I love the diversity on this topic. Even in my private conversations with Mono we have differing views...
Personally I love a lot and get hurt in my expression of it at times. I invest far too much at times and trust far too much. I make myself vulnerable with my openess and I find that others use me for that and instead appreciate that I am making myself vulnerable, tramp on my spirit.
Sure I dish out some of that too... we all do I think.
My take on it is that when I love someone and trust them in their love for me I make myself vulnerable... I'm not talking "I feel sad, cuddle me and love me for it" I am talking, "I am embarassed" or "I am mean," or "I hate myself because" or "I am confused, anxious, disappointed... all at the same time and am acting a bit crazy" Complete vulnerability where the other disappears and it is only me that exsists, yet they are still loving me and supporting me even if I am being selfish. That doesn't come easily and has to be a natural thing for those who love me... there is no faking it. It just doesn't work out. All is revealed when all of a sudden they are not there because they were pretending all the time that they were able to love me regardless...
Before you think I am some needy freak, let me just say that I have been there plenty of times when loves of mine are in need and need my unjudging love. It has been a test for me to see if that love I have is real or just something lessor or different.
I think that relationships start with a little love. More of a possibility of love. The more closeness is reached the bigger the challenges as lives merge with on another... the test is seeing how these things are overcome and how life comes back to balance again... when that balance reappears there is more love there I think.
It's got to the point for me that I find it hard to except a shallow depth of love.

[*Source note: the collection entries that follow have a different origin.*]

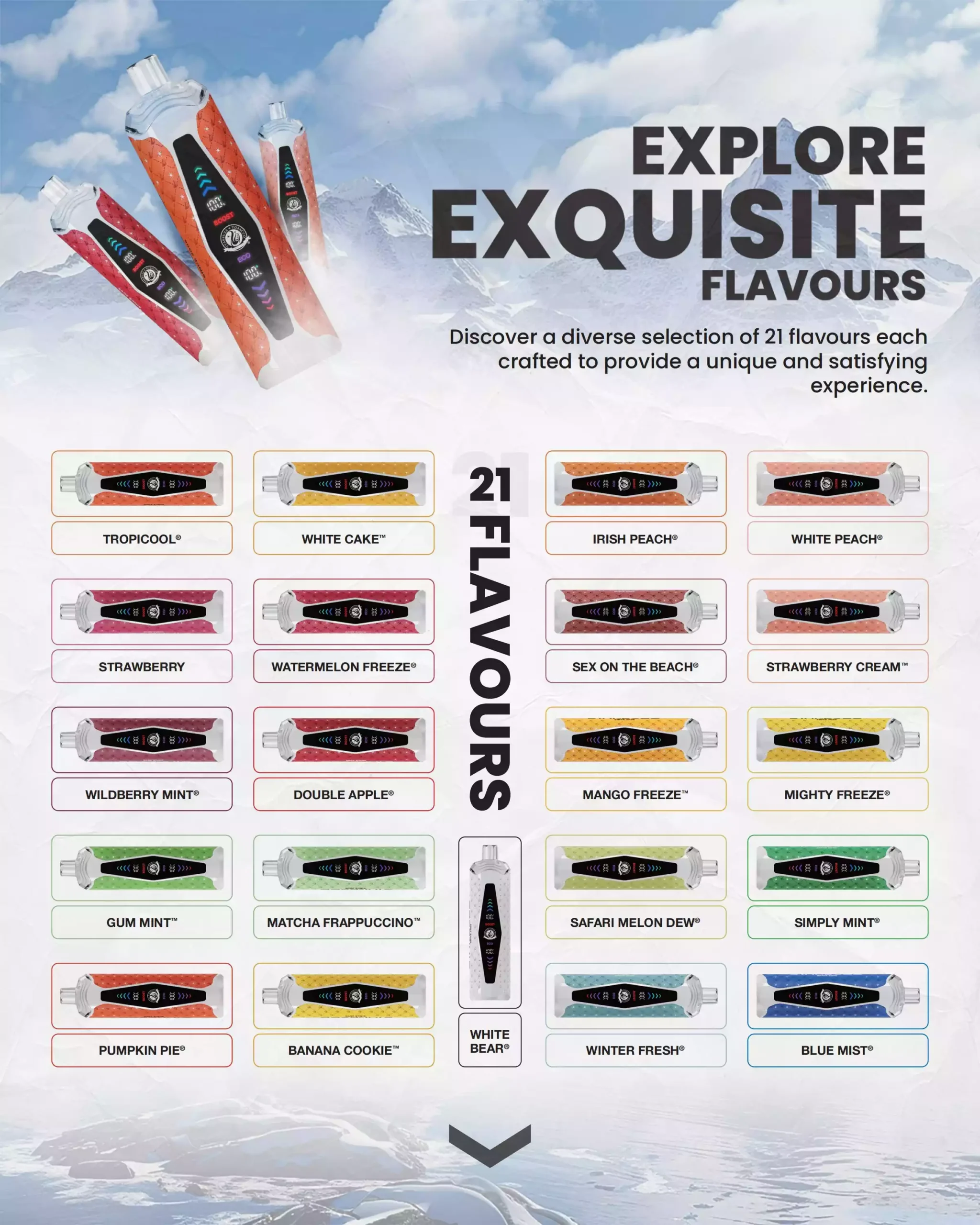 • Mango Freeze: Tropical mango with a frosty kick. Pure summer vibes.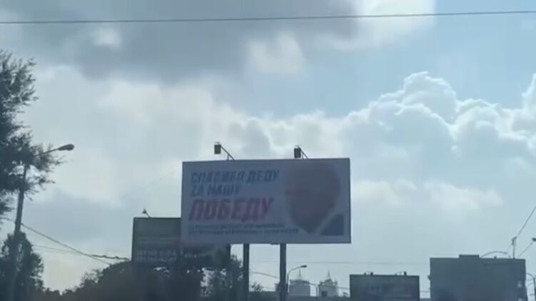 В обращении к Джо Байдену говорится "Спасибо деду за нашу победу", а Урсуле фон дер Ляйен предлагают "выпить с горя". При этом на баннерах с главой Еврокомиссии ошибка в слове "вхождение". На плакате написано "вжождение".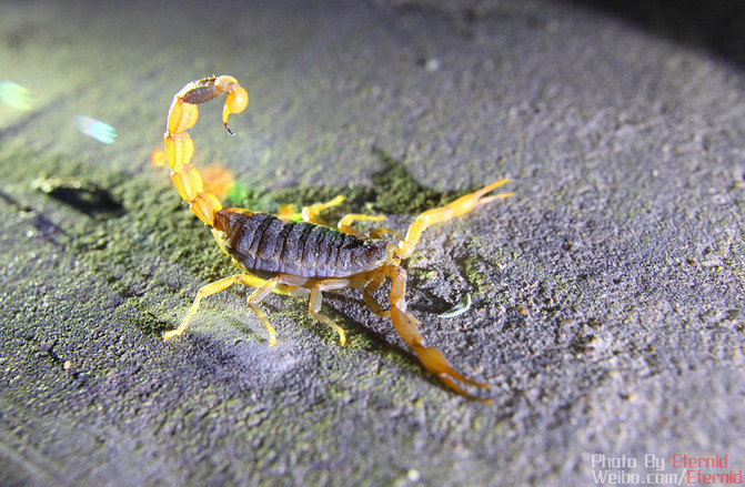 “東亞鉗蝎”,我國北方最常見的蝎子,夜里也是這家伙出來覓食的時間。別小看它,這家伙毒性不弱,甚至比南方某些雨林蝎的毒性還要強。所以最好敬而遠(yuǎn)之。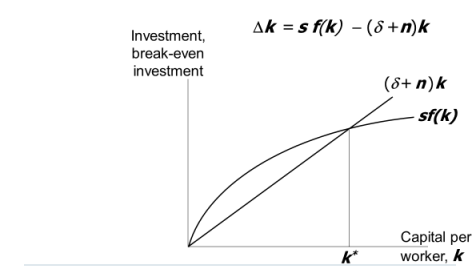 The Solow Growth Model is dynamic, where the stock of capital changes over time and, thus, output changes over time (given that capital is the input). Capital per-worker is equal to the increase in new capital (investment or i) minus the depreciation of existing capital (d). Mathematically, ∆k = i – d = s– δk, where δ denotes the depreciation rate and ∆ denotes the change. This is the fundamental equation for the Solow Growth Model. The “steady state” version of the model, where new capital injections equal capital depreciation, denoted as k*, the ∆k = 0, since s– δk* = 0. In this state, there is no economic growth in per-worker output. See figure 3.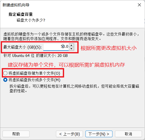 5.选择虚拟机最大磁盘大小(根据所需设置),建议存放在一个文件里,便于磁盘扩展,然后点击下一步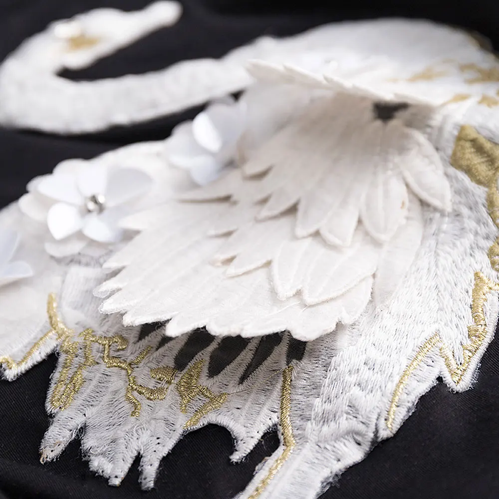 Черные футболки с длинным рукавом с объемным рисунком лебедя и бусинами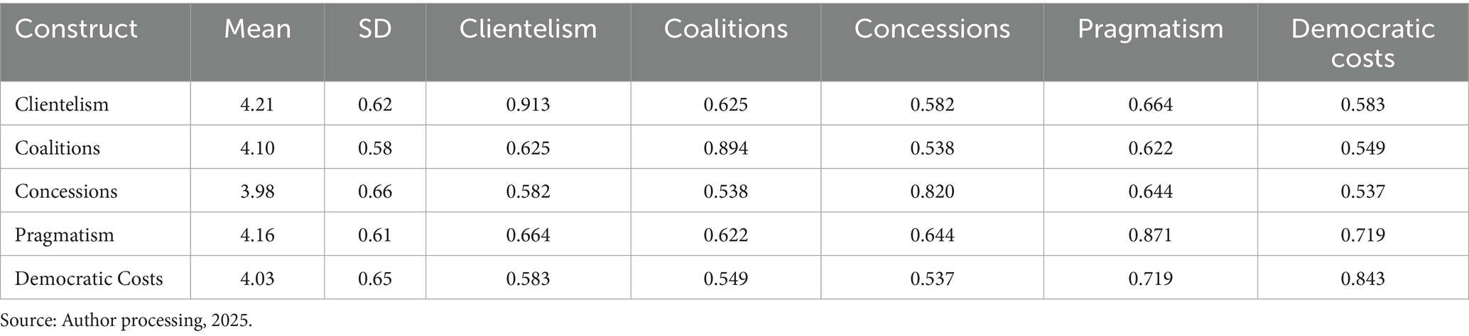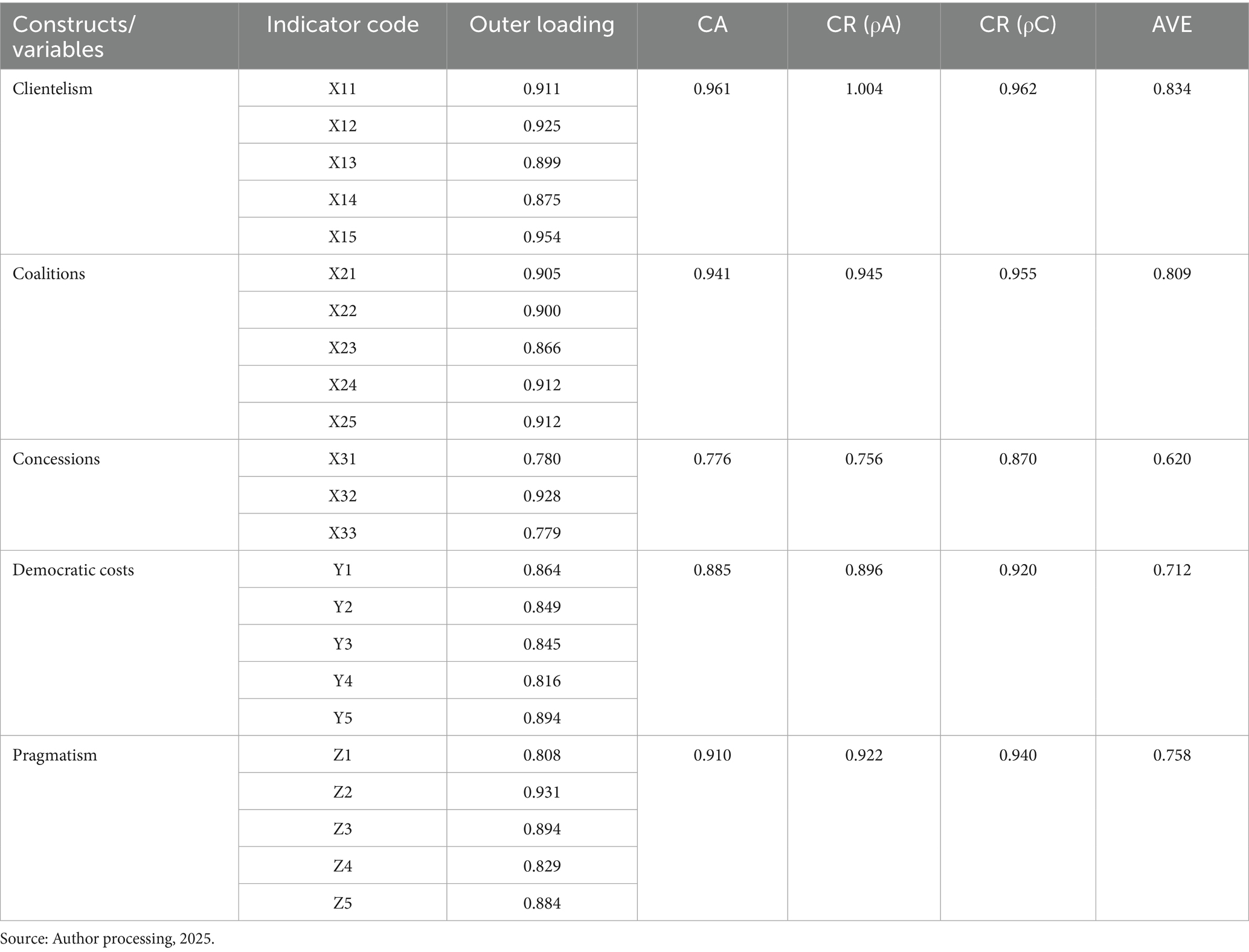 At the evaluation stage of the measurement model (outer model), there are three main aspects that need to be considered: internal reliability, validitas convergence, and discriminatory validity (Ringle et al., 2020). Internal reliability is measured through Cronbach’s Alpha (CA) and Composite Reliability (CR). A good Cronbach’s alpha value is above 0.70, which indicates that the indicators in a construct have adequate internal consistency (Danks and Allen, 2021). Composite reliability (both in rho A and rho C forms) is considered superior to Cronbach’s alpha because it considers the actual weight of each indicator in the model. More than that, validitas convergence is quantified using Average Variance Extracted (AVE), which reflects how much variation in the indicator can be explained by the latent construct. An appropriate AVE value exceeds 0.50, which means that more than half of the variance of the indicator is adequately interpreted by the construct it represents. In the context of this study, all constructs have met the minimum threshold for each test indicator. The values of CA, CR, and AVE indicate that this research instrument has a high level of reliability and convergent validity. This reinforces the belief that construct measurements such as clientelism, coalition politics, concessions, pragmatism, and democratic costs are done accurately and trustworthily (Ali and Ghauri, 2020).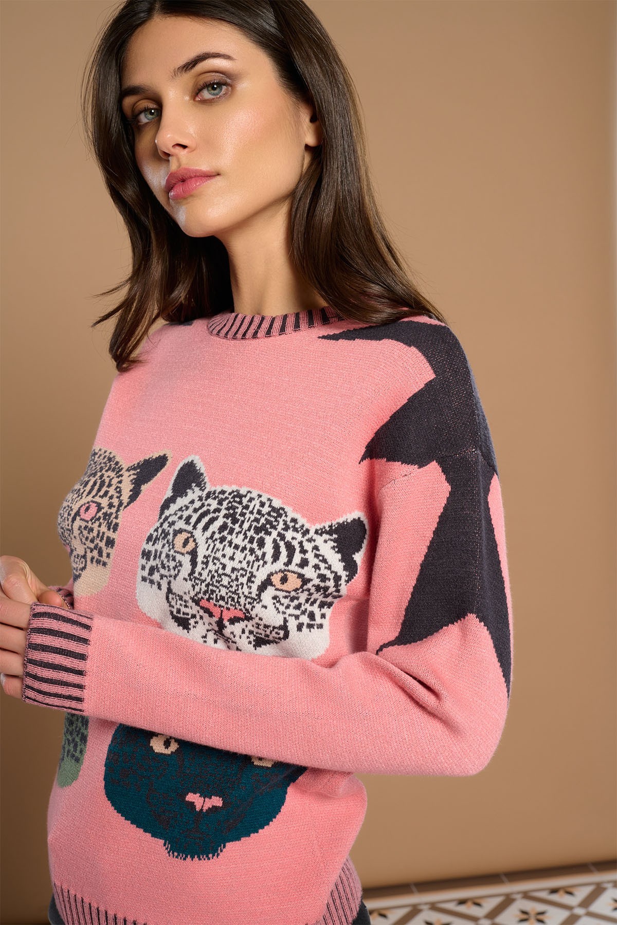 Jersey de punto con cuello redondo y manga larga. Cuello, cintura y mangas en rib. Estampado guepardo.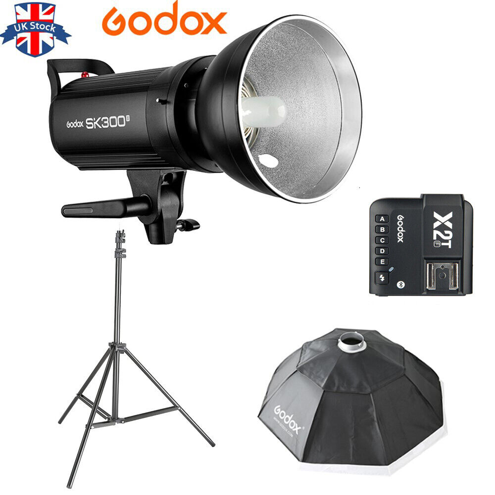 UK Godox SK300II 300W 2.4G Flash Strobe+95cm softbox+light stand+X2T-F for Fuji

I understand that some people enjoy shallow waters and that works best for them, but it never has for me and I realize that I do better in deep water... I am more confident and feel more at home. I expect this too much when I meet new people... I think everyone is like me... I realize that isn't true as of late and have now decided to find out how people love before getting involved at any level with them. I'm hoping it helps my heart not ache as much.